Как удалить временные файлы в параллельной задаче в R

#r #r-raster #parallel-foreach

#r #r-растр #parallel-foreach

Вопрос:

Возможно ли удалить временные файлы из распараллеленной R-задачи?

Я полагаюсь на распараллеливание с помощью doParallel и foreach в R для выполнения различных вычислений на небольших подмножествах огромного растрового файла. Это включает в себя многократное обрезание подмножества большого растра. Мой базовый синтаксис выглядит примерно так:

 grid <- raster::raster("grid.tif")
data <- raster::raster("data.tif")

cl <- parallel::makeCluster(32)
doParallel::registerDoParallel(cl)

m <- foreach(col=ncol(grid)) %:% foreach(row=nrow(grid)) %dopar% {
   
   # get extent of subset 
   cell <- raster::cellFromRowCol(grid, row, col)
   ext <- raster::extentFromCells(grid, cell)
   
   # crop main raster to subset extent
   subset <- raster::crop(data, ext)
   
   # ...
   # perform some processing steps on the raster subset
   # ...
   
   # save results to a separate file
   saveRDS(subset, paste0("output_folder/", row, "_", col)
}
 

Алгоритм работает отлично и достигает того, чего я хочу. Однако raster::crop(data, ext) при каждом вызове создается небольшой временный файл. Это кажется стандартным поведением пакета raster, но это становится проблемой, потому что эти временные файлы удаляются только после выполнения всего кода и занимают слишком много места на диске (сотни ГБ).

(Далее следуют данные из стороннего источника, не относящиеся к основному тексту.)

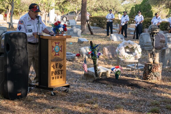 220813-N-IT566-0039 SAN ANTONIO, Texas (Aug. 13, 2022) Joseph Barna, a Marine that served with Hospitalman John E. Kilmer in Korea, explains how Kilmer saved his life during a graveside ceremony commemorating the 70th anniversary of his death. Barna also shared other stories of their time together in Korea. Kilmer was killed, during the attack on “Bunker Hill”, while using his body to shield another man from enemy fire. On June 18, 1953, Kilmer’s mother and brother were presented the Medal of Honor for his actions on Aug. 12, 1952. (US Navy Photo by Mass Communications Specialist 1st Class David Kolmel/Released)

При последовательном выполнении задачи я могу просто удалить временный файл с file.remove(subset@file@name) помощью . Однако это больше не работает при параллельном выполнении задачи. Вместо этого команда просто игнорируется, и временный файл остается там, где он есть, пока не будет выполнена вся задача.

Есть идеи относительно того, почему это так и как я мог бы решить эту проблему?

Комментарии:

1. К сожалению, raster пакет плохо работает с большими наборами данных. Несколько лет назад я столкнулся с проблемой, подобной вашей, когда raster записал 2 ТБ временных файлов на диск. Игра с rasterOptions этим не привела к каким-либо значительным улучшениям. Тогда решением было использовать raster аналог Python, который оказался намного более эффективным. Однако теперь у raster пакета есть преемник. Он вызывается terra и работает намного лучше на больших наборах данных. Вы пробовали это использовать?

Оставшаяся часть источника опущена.